-- RECORD SET --
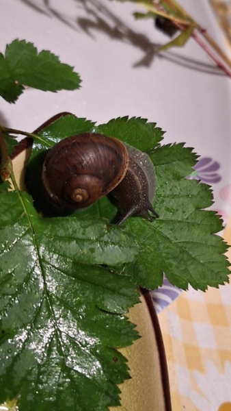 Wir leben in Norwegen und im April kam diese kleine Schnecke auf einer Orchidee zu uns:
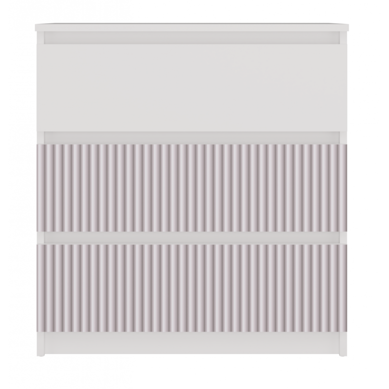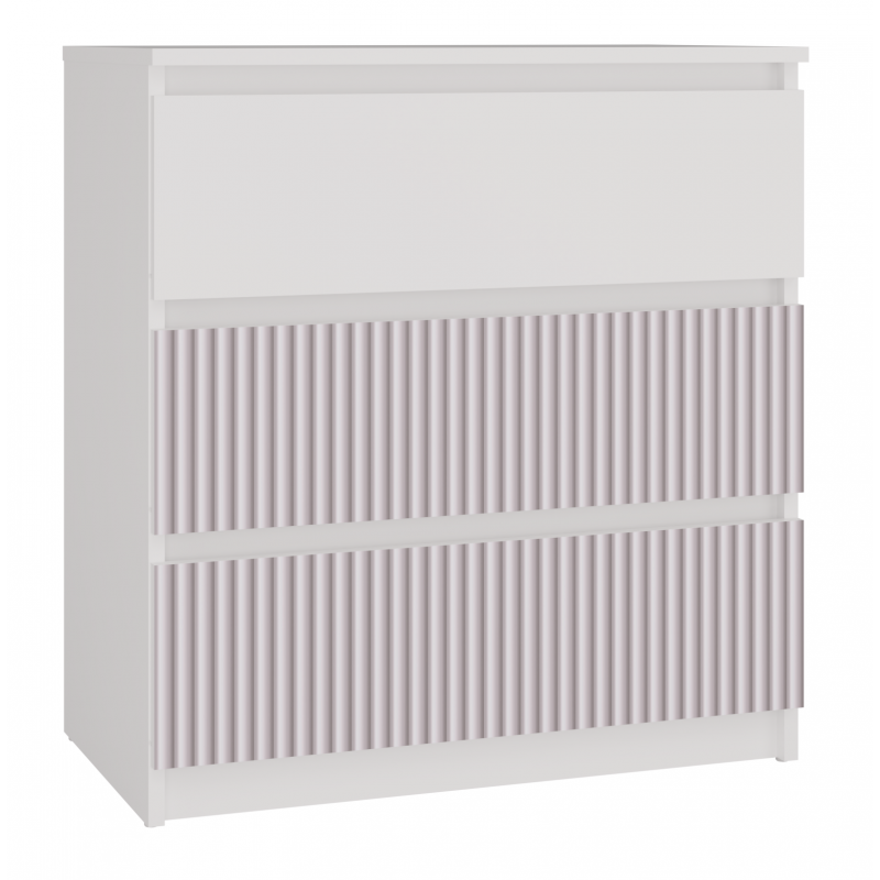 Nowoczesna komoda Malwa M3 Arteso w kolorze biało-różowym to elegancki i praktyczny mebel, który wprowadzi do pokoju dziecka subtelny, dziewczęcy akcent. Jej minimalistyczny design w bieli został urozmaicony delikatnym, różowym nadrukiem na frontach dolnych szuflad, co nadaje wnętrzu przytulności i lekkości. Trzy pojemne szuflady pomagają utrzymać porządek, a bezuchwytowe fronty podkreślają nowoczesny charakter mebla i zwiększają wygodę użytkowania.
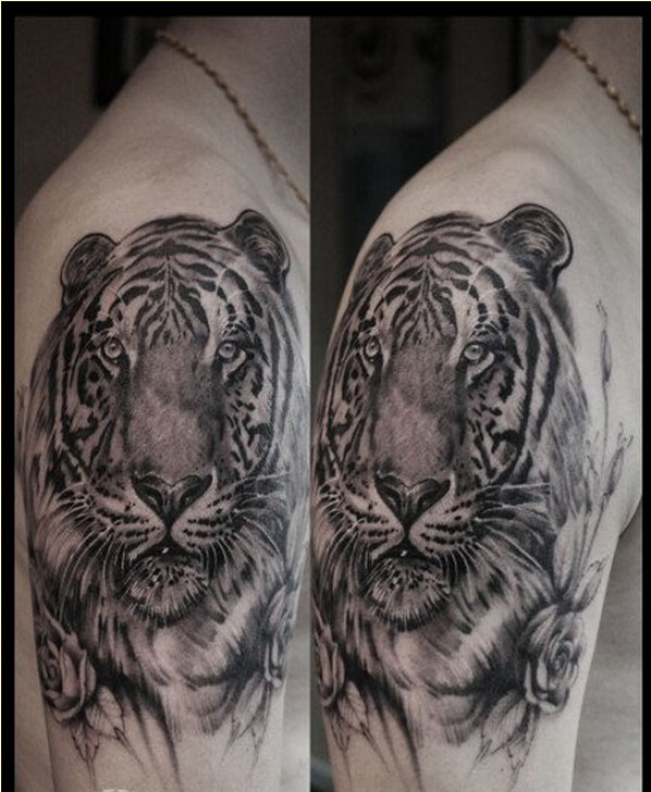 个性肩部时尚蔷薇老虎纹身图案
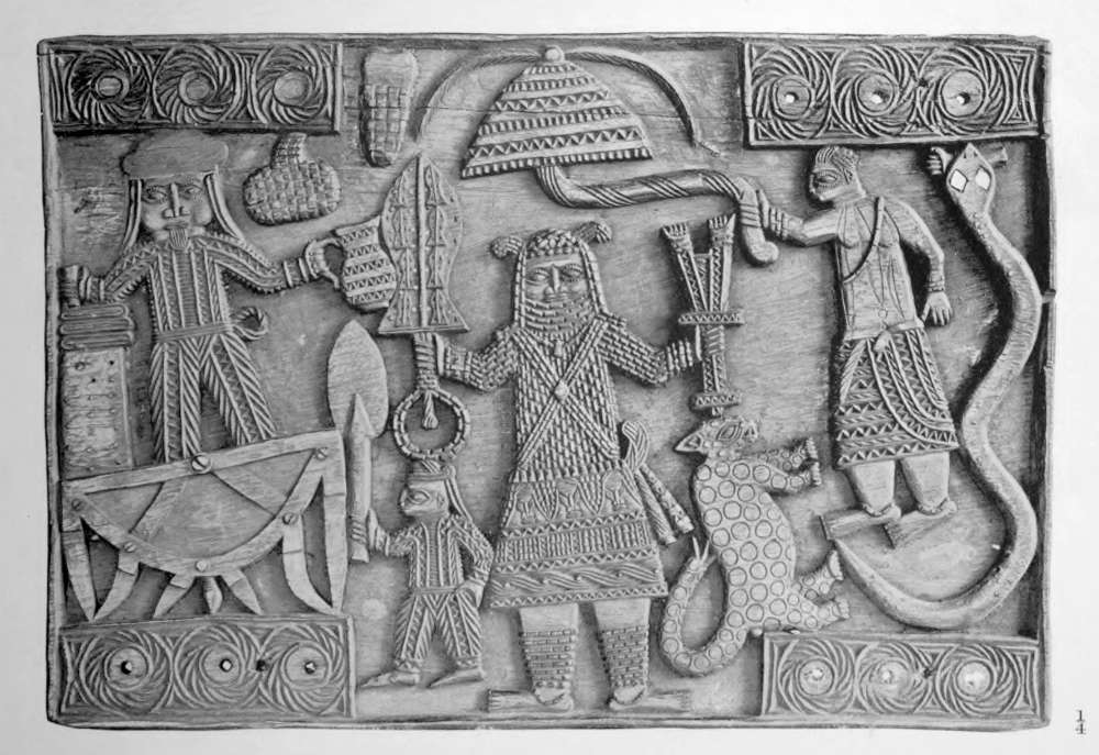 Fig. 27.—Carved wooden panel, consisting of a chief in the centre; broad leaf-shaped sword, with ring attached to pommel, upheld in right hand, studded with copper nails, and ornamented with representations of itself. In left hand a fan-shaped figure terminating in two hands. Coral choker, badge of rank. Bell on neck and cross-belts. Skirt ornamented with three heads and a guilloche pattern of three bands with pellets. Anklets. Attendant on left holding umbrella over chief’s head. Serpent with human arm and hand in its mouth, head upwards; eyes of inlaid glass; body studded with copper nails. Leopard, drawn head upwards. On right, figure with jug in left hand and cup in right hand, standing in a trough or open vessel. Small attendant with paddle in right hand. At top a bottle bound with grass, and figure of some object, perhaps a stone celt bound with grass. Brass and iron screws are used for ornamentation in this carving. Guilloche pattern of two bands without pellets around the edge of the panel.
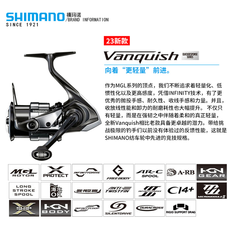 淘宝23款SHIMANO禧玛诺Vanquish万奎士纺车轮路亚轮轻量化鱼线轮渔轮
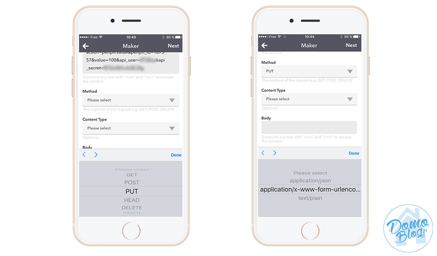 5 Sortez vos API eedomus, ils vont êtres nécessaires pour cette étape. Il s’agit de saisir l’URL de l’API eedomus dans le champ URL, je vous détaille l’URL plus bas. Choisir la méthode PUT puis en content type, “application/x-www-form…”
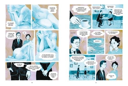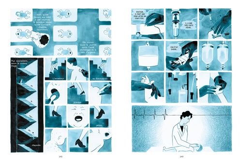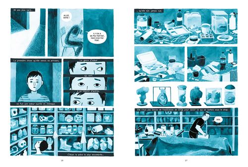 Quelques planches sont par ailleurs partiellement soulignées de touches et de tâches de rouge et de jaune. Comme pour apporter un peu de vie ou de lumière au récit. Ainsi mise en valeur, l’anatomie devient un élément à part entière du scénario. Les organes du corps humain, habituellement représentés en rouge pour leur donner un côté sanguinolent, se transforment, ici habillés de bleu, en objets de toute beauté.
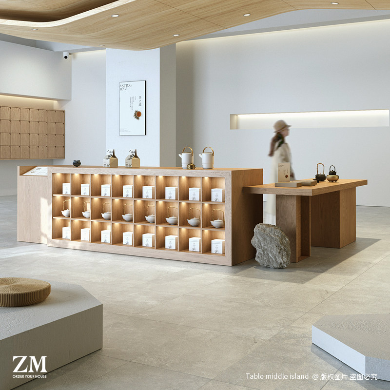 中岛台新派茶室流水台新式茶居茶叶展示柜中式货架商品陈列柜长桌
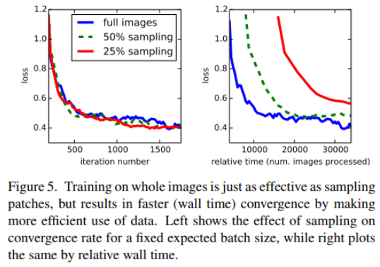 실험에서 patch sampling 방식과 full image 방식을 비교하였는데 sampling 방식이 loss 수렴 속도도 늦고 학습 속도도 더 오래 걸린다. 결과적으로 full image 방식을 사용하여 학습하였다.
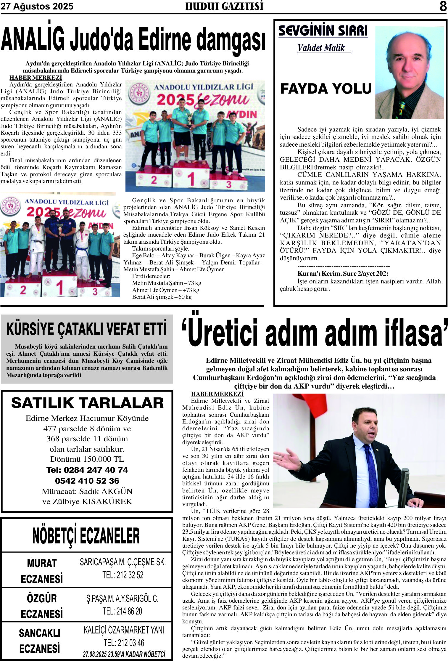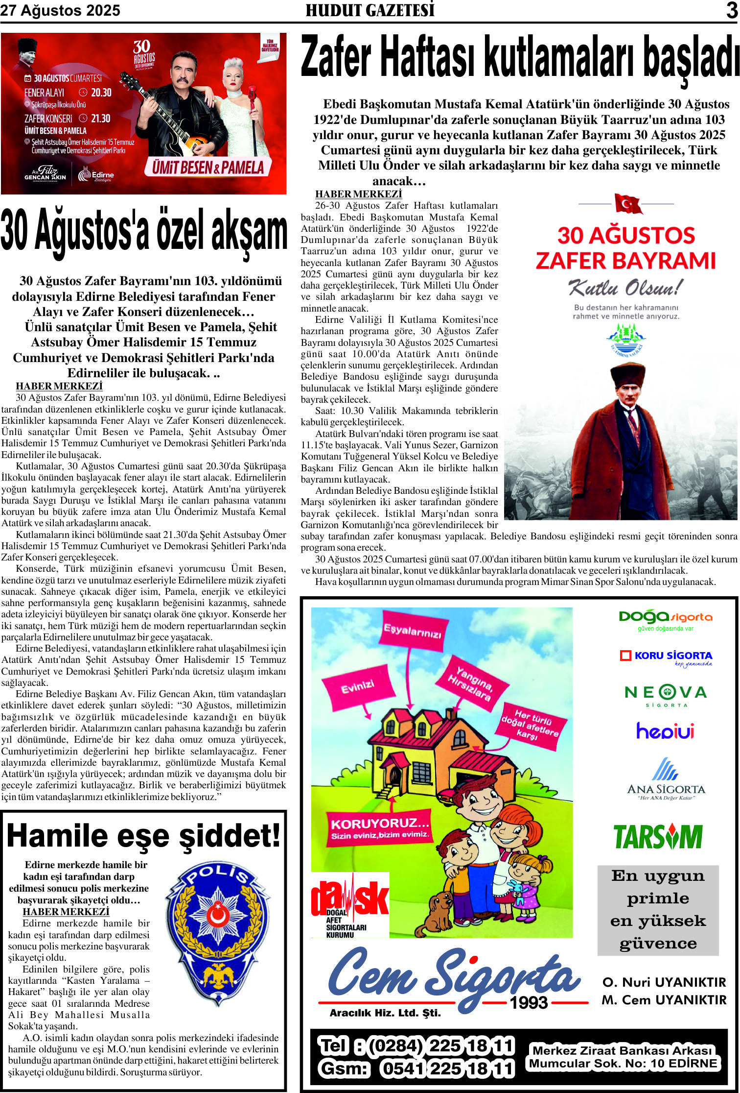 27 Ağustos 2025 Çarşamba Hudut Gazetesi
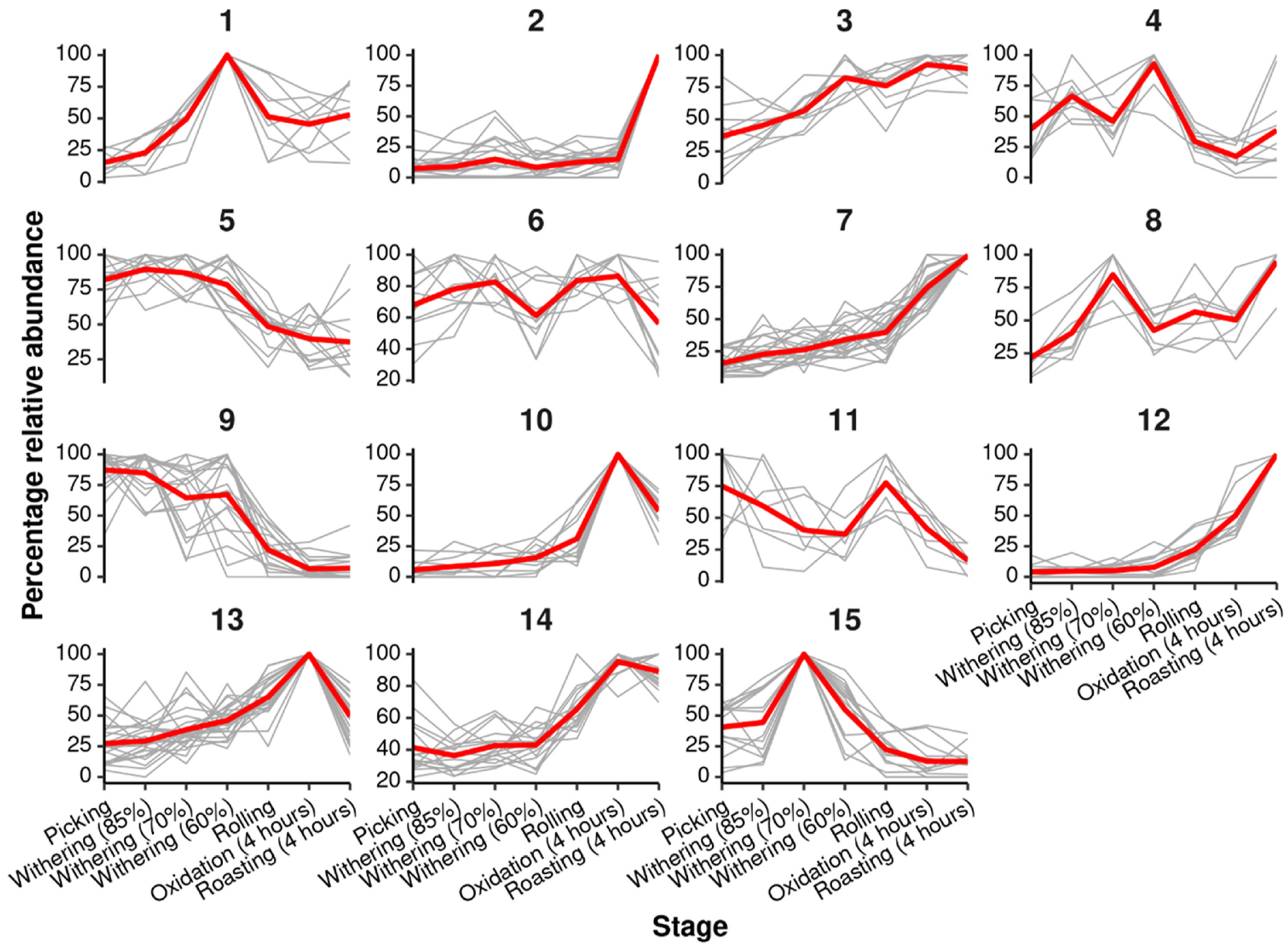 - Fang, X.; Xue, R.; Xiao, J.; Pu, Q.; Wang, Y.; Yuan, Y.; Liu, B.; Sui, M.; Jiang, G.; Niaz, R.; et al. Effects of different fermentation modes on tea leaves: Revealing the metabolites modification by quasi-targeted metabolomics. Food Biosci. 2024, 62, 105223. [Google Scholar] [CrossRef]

-- TASK REQUIREMENTS --
Return the whole listing exactly, minus its pictures.

-- RESPONSE TO THIS TASK --
 Wir leben in Norwegen und im April kam diese kleine Schnecke auf einer Orchidee zu uns:
 Nowoczesna komoda Malwa M3 Arteso w kolorze biało-różowym to elegancki i praktyczny mebel, który wprowadzi do pokoju dziecka subtelny, dziewczęcy akcent. Jej minimalistyczny design w bieli został urozmaicony delikatnym, różowym nadrukiem na frontach dolnych szuflad, co nadaje wnętrzu przytulności i lekkości. Trzy pojemne szuflady pomagają utrzymać porządek, a bezuchwytowe fronty podkreślają nowoczesny charakter mebla i zwiększają wygodę użytkowania.
 个性肩部时尚蔷薇老虎纹身图案
 Fig. 27.—Carved wooden panel, consisting of a chief in the centre; broad leaf-shaped sword, with ring attached to pommel, upheld in right hand, studded with copper nails, and ornamented with representations of itself. In left hand a fan-shaped figure terminating in two hands. Coral choker, badge of rank. Bell on neck and cross-belts. Skirt ornamented with three heads and a guilloche pattern of three bands with pellets. Anklets. Attendant on left holding umbrella over chief’s head. Serpent with human arm and hand in its mouth, head upwards; eyes of inlaid glass; body studded with copper nails. Leopard, drawn head upwards. On right, figure with jug in left hand and cup in right hand, standing in a trough or open vessel. Small attendant with paddle in right hand. At top a bottle bound with grass, and figure of some object, perhaps a stone celt bound with grass. Brass and iron screws are used for ornamentation in this carving. Guilloche pattern of two bands without pellets around the edge of the panel.
 淘宝23款SHIMANO禧玛诺Vanquish万奎士纺车轮路亚轮轻量化鱼线轮渔轮
 5 Sortez vos API eedomus, ils vont êtres nécessaires pour cette étape. Il s’agit de saisir l’URL de l’API eedomus dans le champ URL, je vous détaille l’URL plus bas. Choisir la méthode PUT puis en content type, “application/x-www-form…”
 Quelques planches sont par ailleurs partiellement soulignées de touches et de tâches de rouge et de jaune. Comme pour apporter un peu de vie ou de lumière au récit. Ainsi mise en valeur, l’anatomie devient un élément à part entière du scénario. Les organes du corps humain, habituellement représentés en rouge pour leur donner un côté sanguinolent, se transforment, ici habillés de bleu, en objets de toute beauté.
 中岛台新派茶室流水台新式茶居茶叶展示柜中式货架商品陈列柜长桌
 실험에서 patch sampling 방식과 full image 방식을 비교하였는데 sampling 방식이 loss 수렴 속도도 늦고 학습 속도도 더 오래 걸린다. 결과적으로 full image 방식을 사용하여 학습하였다.
 27 Ağustos 2025 Çarşamba Hudut Gazetesi
 - Fang, X.; Xue, R.; Xiao, J.; Pu, Q.; Wang, Y.; Yuan, Y.; Liu, B.; Sui, M.; Jiang, G.; Niaz, R.; et al. Effects of different fermentation modes on tea leaves: Revealing the metabolites modification by quasi-targeted metabolomics. Food Biosci. 2024, 62, 105223. [Google Scholar] [CrossRef]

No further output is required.